Sunday, October 15, 2006

INDIEMAND


Independent digital films are very much celebrated these days for having been produced at very low costs.

After watching a few indie short films last night, I have come to the conclusion that to stay within budget, the first that their producers have to rid themselves off is the camera tripod.

After watching 16 shorts in one sitting, I found myself sitting some more outside the cinema waiting to regain my balance as I got really dizzy watching too many hand-held shots.

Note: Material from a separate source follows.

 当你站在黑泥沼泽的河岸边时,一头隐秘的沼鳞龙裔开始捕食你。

But it’s a dizzying kind of joy living in this age when one actually bears witness to how this new way of filmmaking is stealing the thunder from mainstream cinema. I’ll be beaming with pride telling my children someday how their dad actually made it to the days when Mother Lily & friends used to oligopolize the business and then later, witnessed how indie filmmakers soon gave them a run for their money. More joy still that many of my friends are actors, writers and producers of indie films. Oh, and I got to act in one of them too! (Wait for the day when MTRCB lets the ax fall this time entirely because of bad acting.)

I must admit that some of the shorts I saw that night were not many of the finest this cinema movement can offer. Oops… hold your horses! Before you ban me from future screenings, let me reaffirm that I am an advocate of the indie phenomenon. But I must acknowledge that the relative ease of shooting in digital video has open the floodgates for those who are still on denial that they’re just not meant for this kind of art. But if practice makes perfect, I must at least say that the less finer shorts that night were “praktis lang po.” Since much of the support group (emotionally & financially) of indie-makers are naturally their close friends and relatives, I blame these groups when they don’t honestly give constructive feedbacks to people in the production. Please don’t patronize them; if it sucks, give it to them as it is and then support them to do more but better films next time.

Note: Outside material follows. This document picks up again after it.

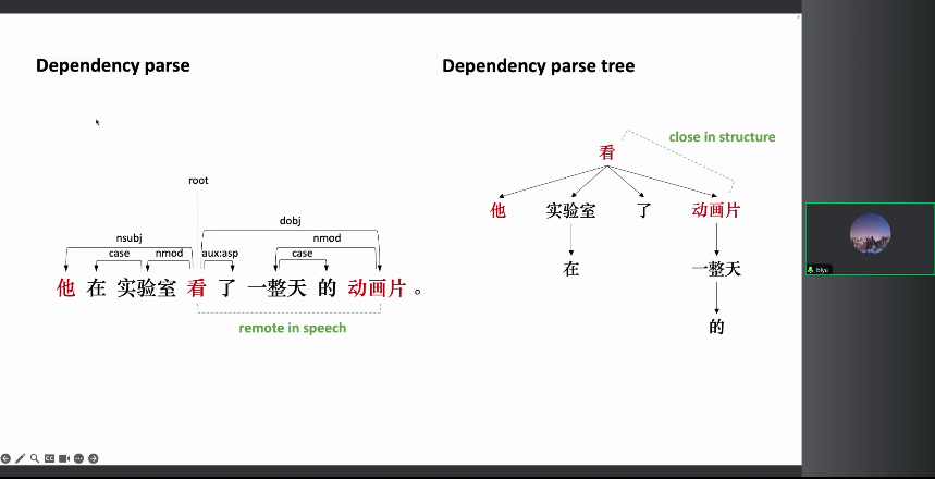 這個現象或者說規(guī)律并不只是對英語成立的,對我們中文及所有語言都是成立的。 比如說這句話,“他在實驗室看了一整天的動畫片”。我們在理解這句話的時候,會把看和動畫片緊密的關聯在一起,看動畫片的動作是自然而然的就在我們大腦中出現的。 雖然兩者之間還隔了“一整天的”這樣一段語音,但是我們的大腦還是能夠自然而然的把看和動畫片整合在一起。原因就像剛才的英語句子一樣,在這個中文例子的句法樹結構中,看和動畫片是更為接近的。

I am sincerely calling on more and more people to get into indie film-making as did many who excelled in photography when consumerism & technology permitted more snap-shooters who eventually became masters in the craft. And to people like my friend who said she avoids indie films because she too gets dizzy from the hand-held shots, just try to bear with it some more (you’re the same girl who enjoys roller-coasters, ahah!)

Yeah, there are really some lousy shots (add to that: plots, scripts, acting, etc.) which the cinematographer &/or director would simply pass-off as a matter of taste and self-expression but it is in supporting all these indies, be them good or bad, can the ultimately best come out of the rest. Let’s watch as many of them as we can, better still if we can dabble at least once in the actual production. Hey, we are actually democratizing cinema here, don’t let it just pass you by 24 frames per second.